An additional question regards the same objects with different sizes. (e.g., big car and distant small car). It’s not mentioned in video, but does YOLO have any special processes regarding object sizes? For example, a large anchor box designed for large near cars, might be too big for distant small cars, then will the YOLO algorithm break in this situation?



As part of its approach to object localization, the YOLO network predicts the coordinates of the object center. In order to do this, like any machine learning algorithm, it must first be trained on examples. The examples tell it which locations contain an object center and which locations do not. The examples also contain the shape of the object centered there, including whether that shape is larger than one grid cell, which is how it learns about the parts of the objects in the lower left of this training image.

Anchor boxes do not have a type. They only have shape. So there is no ‘car’ anchor box or ‘person’ anchor box. Only wider-than-it-is-tall anchor box and taller-than-it-is-wide anchor box (assuming those shapes are prevalent in the training data.) There are also no ‘close’ or ‘far away’ anchor boxes…just larger or smaller. So if the training data has lots of close cars and lots of far away cars there may be large and small anchor boxes both related to objects labelled as ‘car’ in the training data.

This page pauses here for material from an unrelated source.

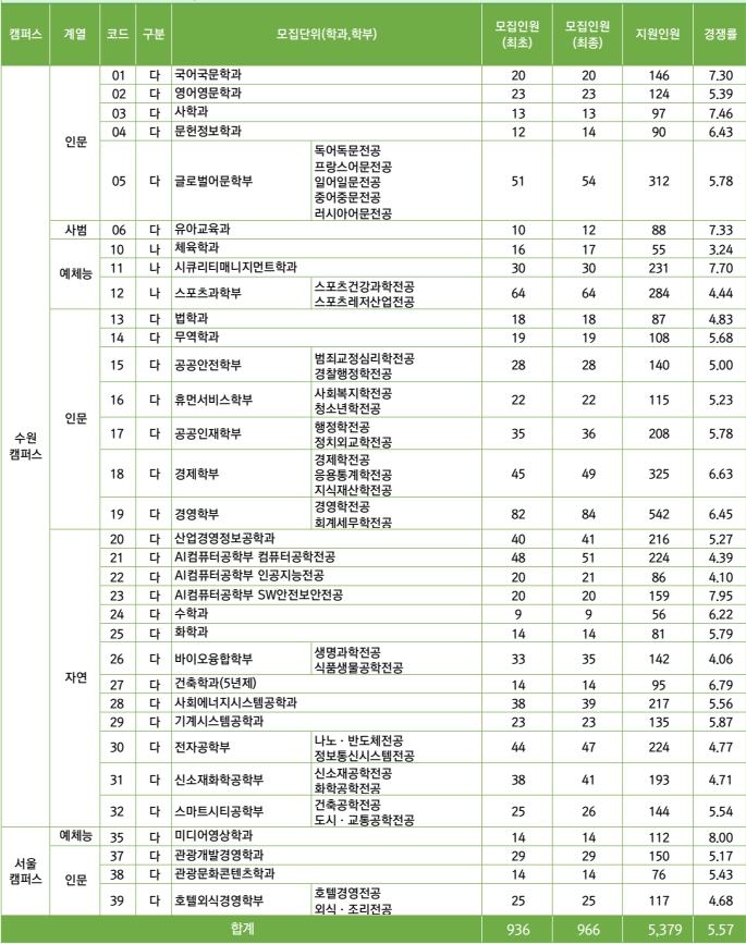 다른 것보다 캠퍼스가 수원캠퍼스와 서울캠퍼스가 있는데 전체에서 알아보도록 할게요.

Speaking of different anchor box shapes, having multiple anchor boxes with different shapes is what would allow a YOLO v2 network to identify both the person and the car in this image. In the training data two locations would have a 1 for object presence. Both would have the same grid cell indices and object center location coordinates, but they would have different anchor box index and predicted bounding box shape.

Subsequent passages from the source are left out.